Using the equations and parameters above, the resulting thresholds were graphically displayed as a function of the PV module’s life cycle. In accordance with the study’s criteria, a 20-year life cycle was selected for the threshold calculations. The obtained radiation thresholds for the different PV materials are presented in Figure 3 and Figure 4, as well as in

Table 4. Solar radiation thresholds for different PV materials.

Types of PV Materials	Solar Radiation Thresholds (kWh/m2/y)
Poly-Si	575.28
Mono-Si	592.38
a-Si	525.12
CIGS	519.55
CdTe	633.73

.

2.4. Calculation of PV Power Generation

2.4.1. PV Power Generation

Annual PV generation assessments require consideration of parameters such as radiation distribution on building surfaces and threshold standards. In addition to this, the inclination and orientation of the PV panel installation are equally important influences on the amount of electricity generated by the PV system. However, since this study focused on the influence of block typology and PV materials on solar generation, the study assumed that the PV panels were installed in fixed forms and mounted parallel to the surface of the buildings in which they were located. The solar radiation distribution on the surface of the PV panels could be defaulted to be consistent with the solar radiation distribution on the building surface. With consideration of the above information, computation of PV equipment power generation could be accomplished by incorporating relevant national standards and utilizing Equation (3).

$$E_p=H_A\times A_{pv}\times \eta \times K\times {(1-R_d)}^{N-1}$$

(3)

In Equation (3), the amount of electricity generated by the PV system denoted as ${\mathrm{E}}_{\mathrm{p}}$ can be calculated by considering the amount of solar radiation received by the building surface, denoted as ${\mathrm{H}}_{\mathrm{A}}$. The installed area of the PV equipment on the building surface is denoted as ${\mathrm{A}}_{\mathrm{pv}}$.

The ${\mathrm{A}}_{\mathrm{pv}}$ is influenced by the radiation threshold and the building surface installation factor. The radiation threshold is related to the material of the selected PV panel, as explained in Section 2.2. The installation factor is a discount on the building surface where the PV panels cannot be installed due to windows, dips, equipment, etc. The installation factors were obtained by collecting as well as processing images of the surfaces of the buildings in the case block. Initially, accurate building surface information was gathered using satellite images from Google Maps and photos taken during the survey. Next, Adobe Photoshop Cs6 was used to identify areas on the roof or building facade suitable for PV module installation. Finally, the percentage of the building’s external surface suitable for PV installations was calculated.
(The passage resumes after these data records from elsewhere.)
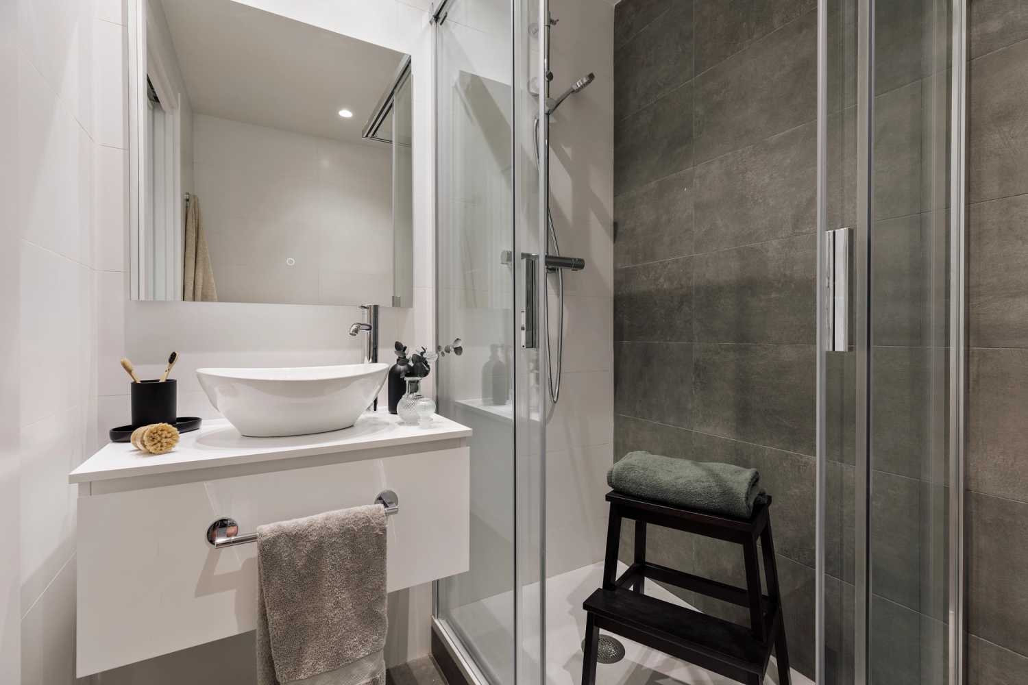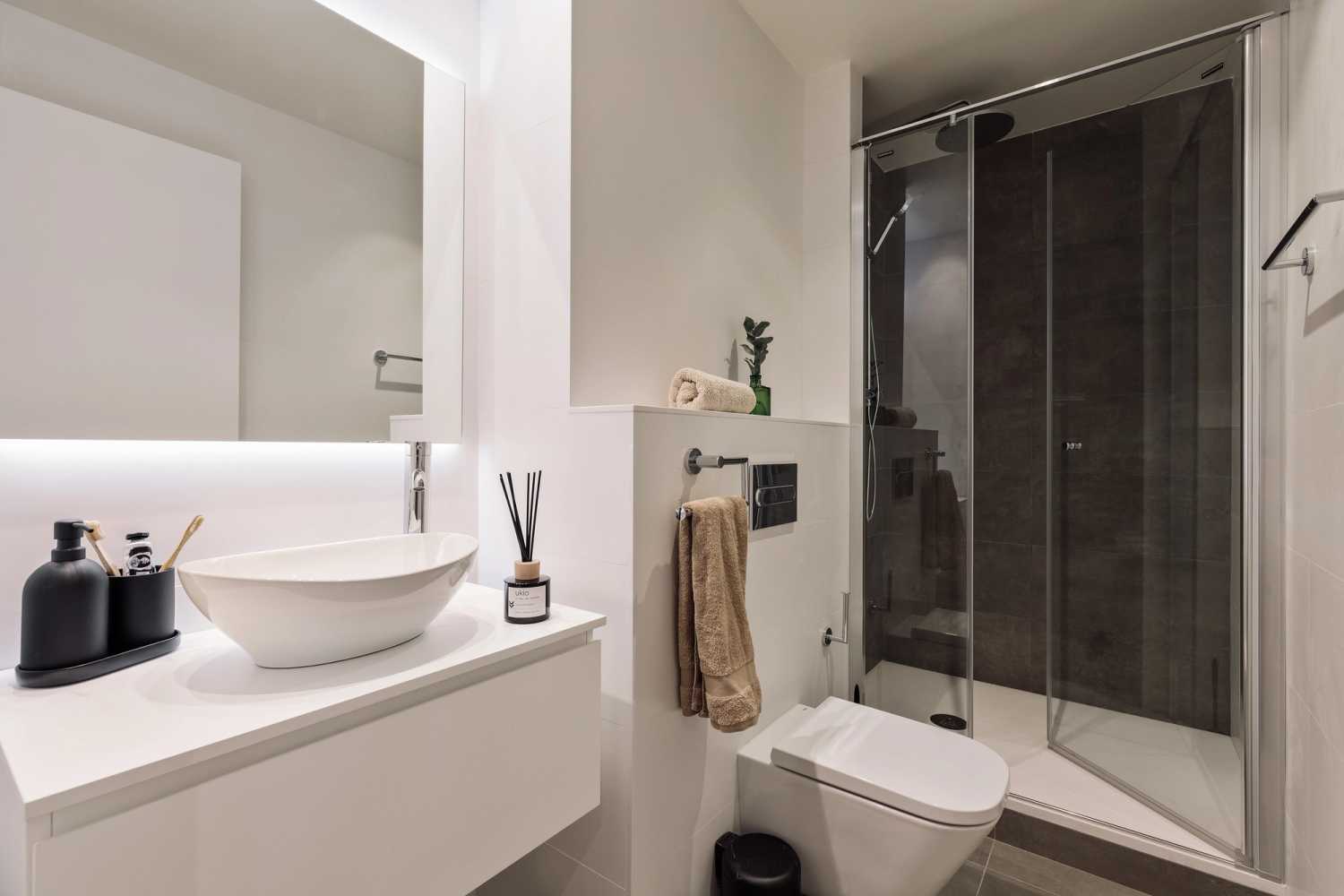 *Nuestro equipo de diseño interno selecciona de forma experta todos los muebles y la decoración de los apartamentos para garantizar el máximo nivel de calidad y comodidad. Como parte del mantenimiento constante de la casa, las mejoras de diseño y la puesta en escena fotográfica, puede haber pequeñas diferencias entre el mobiliario que se ve en las fotos y el que encontrará en el apartamento. Consulte con un agente de ventas para cualquier pregunta o duda.
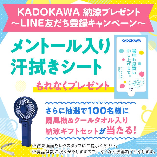 <KADOKAWAグッズ情報局>LINEアカウントの友だち登録者に、C102KADOKAWAブース限定でメントール入り汗拭きシートをプレゼント! さらに抽選で100名様にハンディ扇風機&クールタオルが入った「納涼ギフトセット」が当たります!ぜひご参加ください。
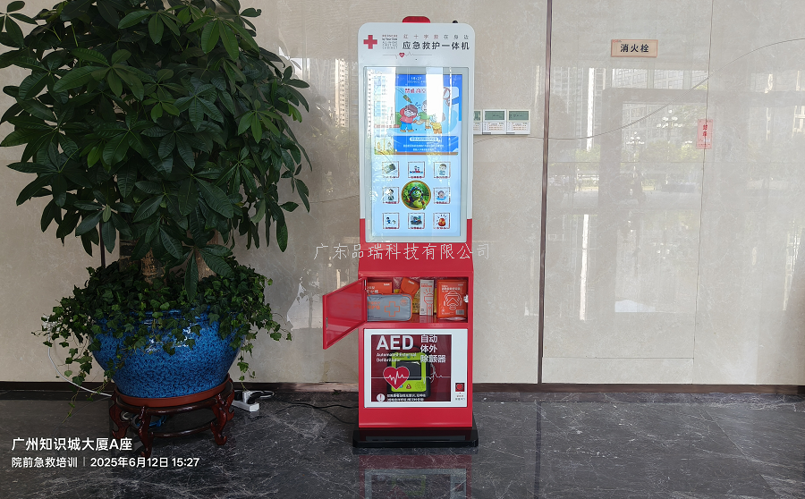 这台AI应急救援一体机,它装载这AED(自动体外除颤仪)、健康医疗防护包、投掷型灭火瓶、自发电手电筒、工具斧、消防自救呼吸器、自救口硝等。
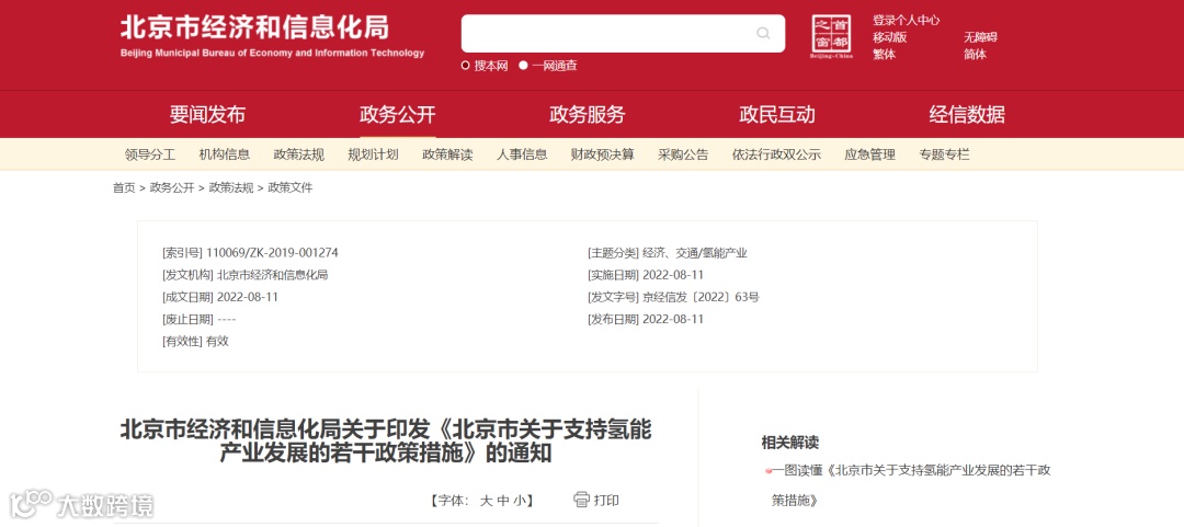 8月11日,北京市经信局印发了《北京市关于支持氢能产业发展的若干政策措施》。
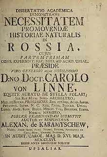 - Alexan. de Karamyschew. Dissertatio Academica Demonstrans Necessitatem Promovendae Historia Naturalis In Rossia, cujus partem primam praeside… Carolo von Linné… : [лат.] : [арх. 16 марта 2009]. — Holmiae : Apud Godofredum Kiesewetter, 1766. — 34, [10] s. — OCLC 69100523.
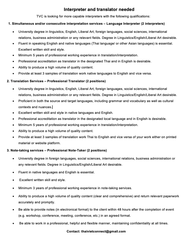 - ดำเนินการแปลภาษา ทั้งในรูปแบบเอกสาร แปลประกบตัว แลแปลในตู้ผ่านระบบ SI
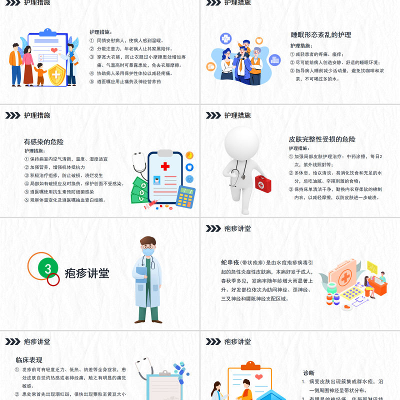 疼痛:與疾病引起的神經痛有關睡眠形態紊亂:與皮膚破損,疼痛有關??有感染的危險:與免疫力下降有關皮膚完整性受損的危險:與疾病引起的皮膚破潰及長期臥床有關護理原則
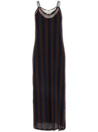 Pequin dress Highlights - Coffee brown/navy blue - Tulle overlay - Vertical stripe print - Adjustable spaghetti straps - Scoop neck - Straight hem - Ankle-length Made in Italy Composition Viscose 100%
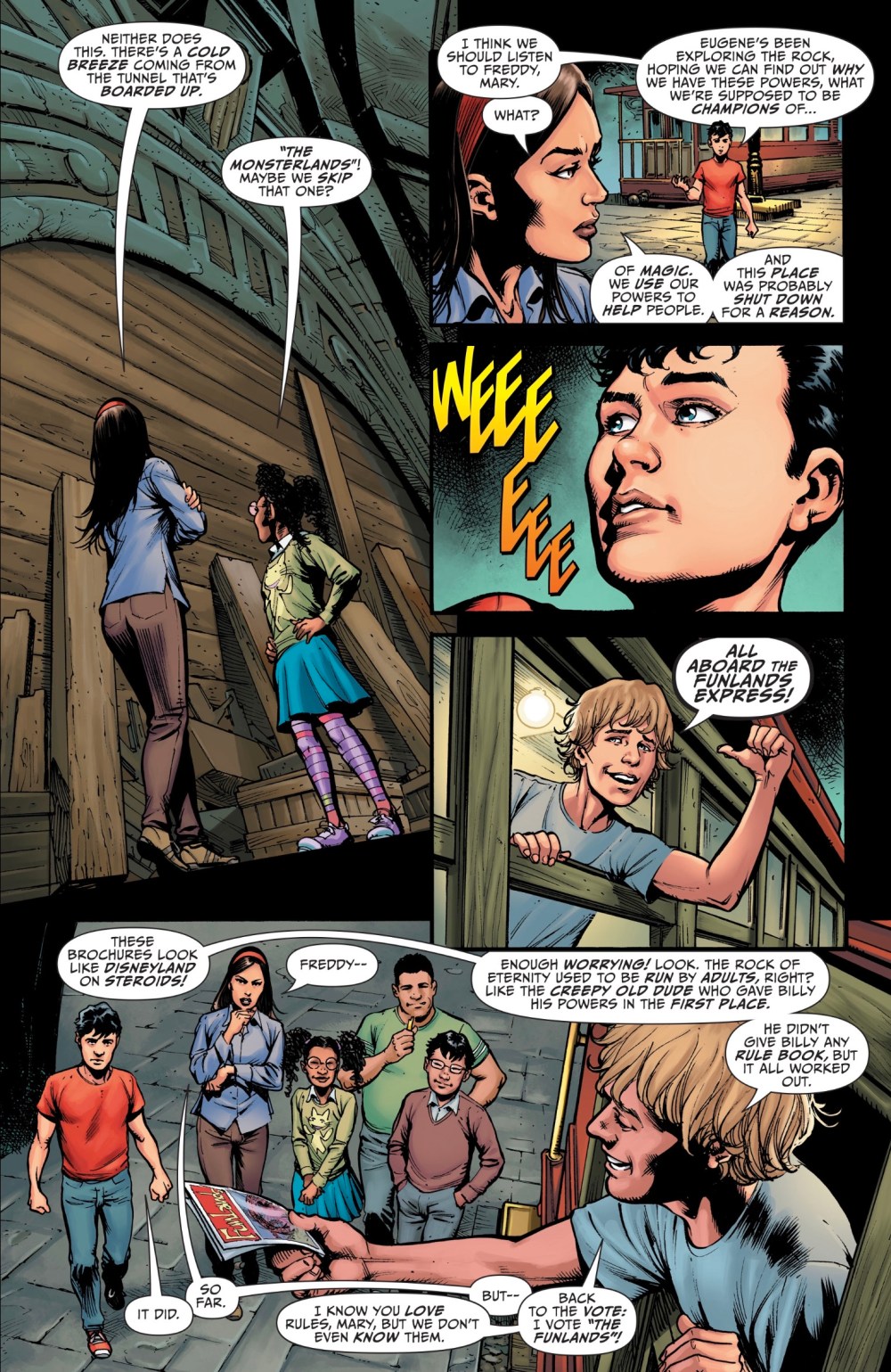 The kids are at the extradimensional Rock of Eternity, former home of the Champions of Magic whose powers they’ve been given courtesy of the old wizard Shazam, having a heated debate. Should they take one of the six trains to a land where… who knows what?
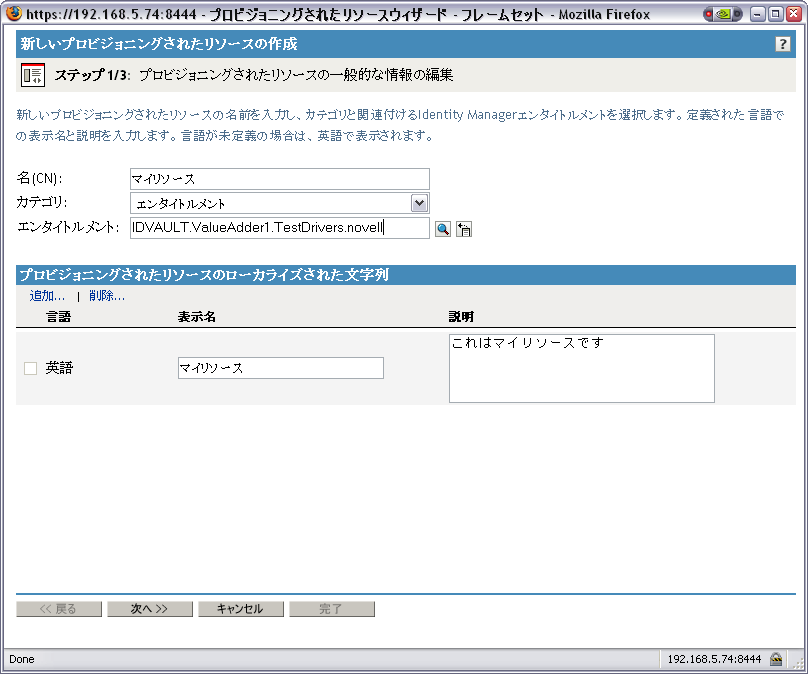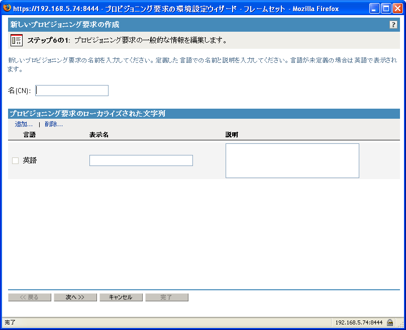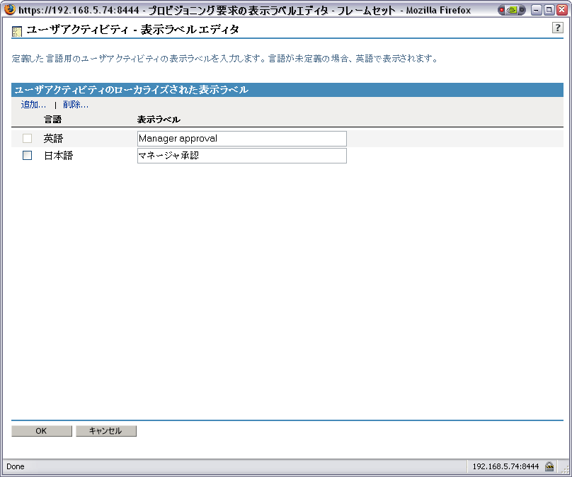 アプリケーションでサポートする各言語について、のおよびの各フィールドにローカライズされたテキストを入力します。このテキストは、ユーザアプリケーションにおけるプロビジョニング要求の識別に使用されます。
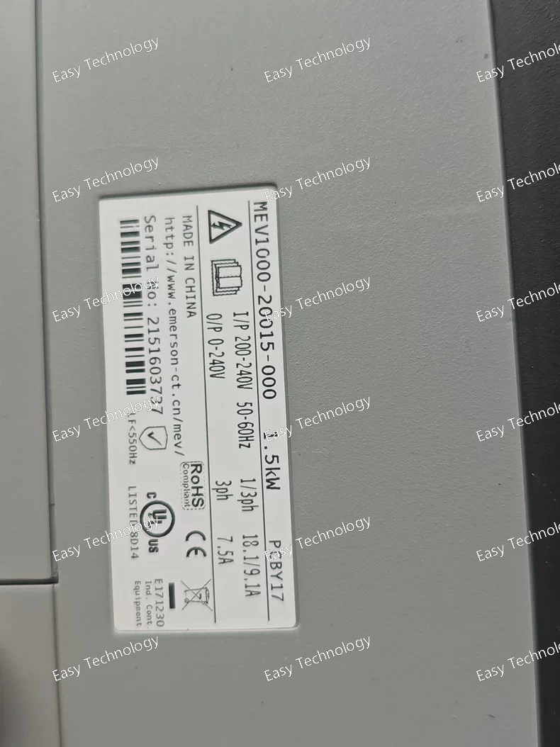 The Emerson MEV1000-20015-000 is a compact, economical AC variable frequency drive from the MEV1000 series. Designed for basic industrial applications requiring reliable motor control, this drive provides stable V/Hz control for three-phase induction motors.
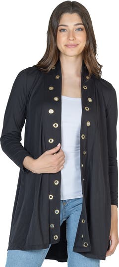 Long Sleeve Mid Thigh Open Front Cardigan with Grommet Details
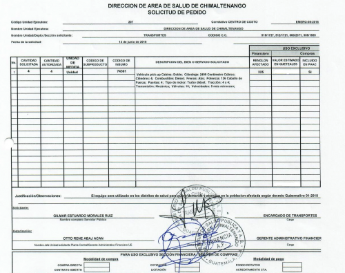 El Área de Salud de Sacatepéquez planifica adquirir cinco picops y el Área de Salud de Chimaltenango otros cuatro. Estas dependencias del Ministerio de Salud buscan que los vehículos sean de doble cabina y con tracción en las cuatro ruedas.
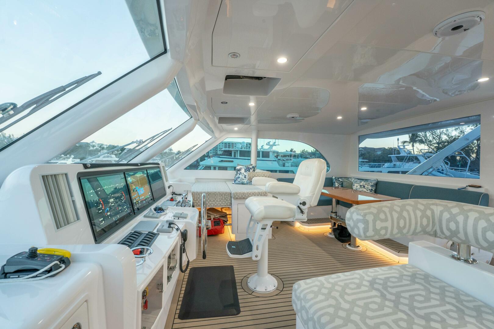 This 2021 Horizon PC60 features the highly sought-after on-deck, full-beam master stateroom and a fully enclosed skylounge flybridge complete with a convenient day head, creating an ideal layout for both extended cruising and entertaining. Powered by twin MAN 800HP engines, recently completing their full 4-year service, the vessel delivers confident performance with exceptional reliability. Accommodations include four staterooms and four heads, offering generous space and privacy for owners and guests alike.
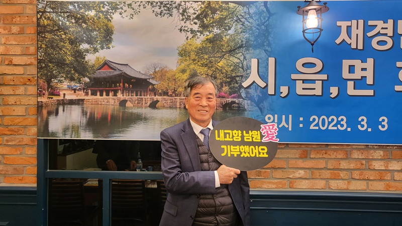 [남원=뉴전북] 이훈 재경산동향우회장이 3월 7일 남원시에 고액인 고향사랑기부금 300만원을 기부했다.
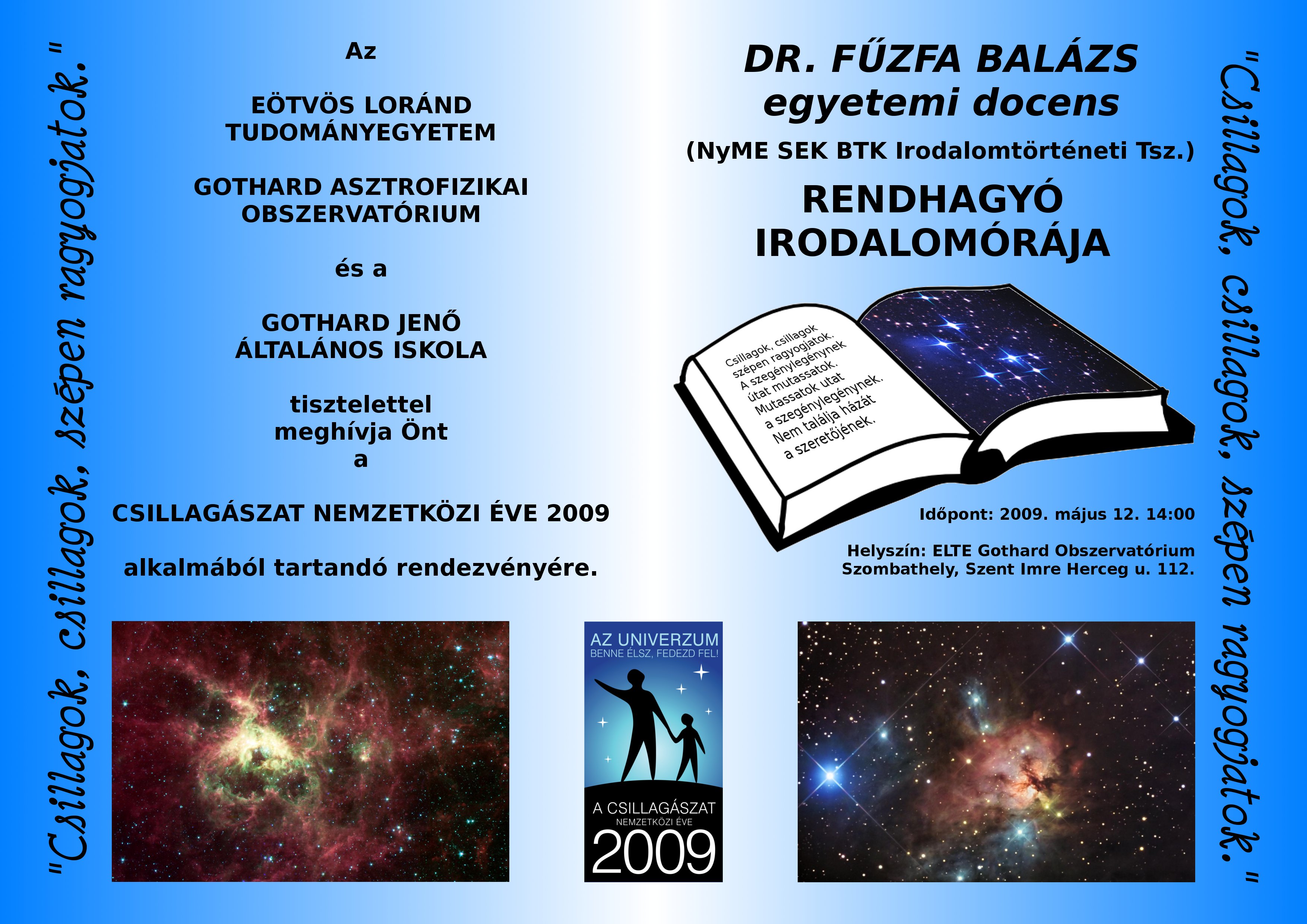 2009. május 12-én az ELTE Gothard Asztrofizika Obszervatóriumban, a Gothard Tudomány- és Technikatörténeti Állandó Kiállítás kiállítótermében Dr. Fűzfa Balázs egyetemi docens (NyME SEK BTK Irodalomtörténeti Tanszék) tartott rendhagyó irodalomórát "Csillagok, csillagok, szépen ragyogjatok." címmel a szombathelyi Gothard Jenő Általános Iskola diákjainak.
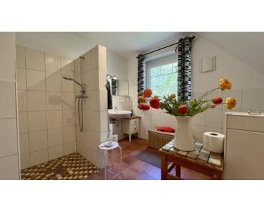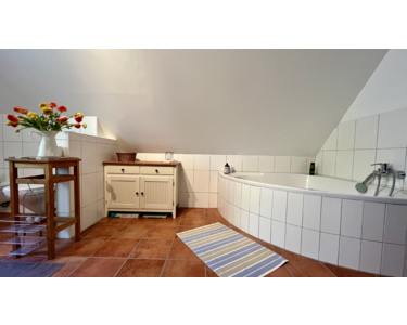 Im großem Familienbad gehören eine Eckbadewanne, ein Bidet, ein WC, ein Waschbecken und eine ebenerdige Dusche zur Ausstattung.
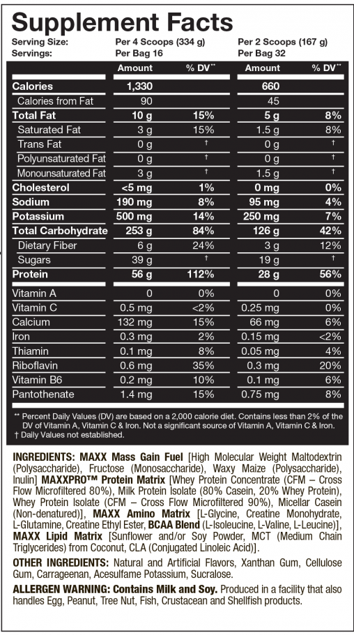 Четирите смеси на MuscleMaxx ™ MASS GAINER ви предоставят 4 различни протеини, всеки от които е проектиран да абсорбира с различна скорост, като ви осигурява бърза и бавна доставка на протеини. Въглехидратите са ключът към бързото увеличаване на мускулните печалби. MuscleMaxx ™ Mass Gainer осигурява огромни 253 г от 3 въглехидрати, за да подхранва вашите постижения и представяне във фитнес залата.
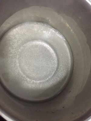 等焦糖基本变深色后,果断离火,轻晃几下,这时候余温会使焦糖颜色变更深,不要再加热了,煮过头就会苦。
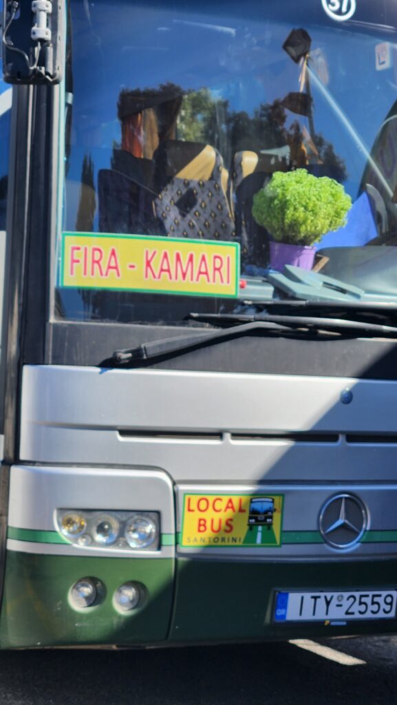 If you are a bit nervous about using public transport in foreign countries, Fira is a great place to start. The main bus station is is just a short walk from Hotel Villa Renos. Simply find your bus and get on once the doors open. Tell the driver where you are going and sit down. Someone will come around to collect the fare and they will answer any questions you have about where to get off. Santorini Public Buses site.

The complete calculation process is illustrated in Figure 5. The installation factor data for the roof and facade of the buildings in each case block were shown in Figure 6.

As shown in Figure 5, the installation rate of building roofs is higher than that of facades in all cases; the average installation factor for roofs is 0.85, and for facades is 0.57, respectively.

2.4.2. PV System Cost of Power Generation

The economic viability of a PV system is paramount, and the cost of power generation is a critical factor in this regard. As a widely used and effective indicator to evaluate the economic performance of PV systems, the cost of power generation is defined as the ratio of each unit of electricity generated to the total cost of the PV system over its operating cycle, including both the initial investment and annual maintenance costs. To accurately assess the economic performance of the system, various factors, such as the total cost of the PV system (${\mathrm{C}}_{\mathrm{sys}}$), the attenuation efficiency (${\mathrm{R}}_{\mathrm{d}}$), and the annual energy production per unit area of the system (${\mathrm{E}}_{\mathrm{ini}}$), were taken into consideration. The total cost of the PV system over its entire lifespan included both the initial investment cost and the later-stage maintenance cost. The initial investment cost was determined by the power generation per unit area of different PV panels and the investment cost per unit of power. Additionally, the annual maintenance cost for various types of PV systems was set at 2% of the upfront investment cost in this study. The total cost of various PV materials over a 20-year lifecycle was outlined in

Table 5. Total cost of different PV materials.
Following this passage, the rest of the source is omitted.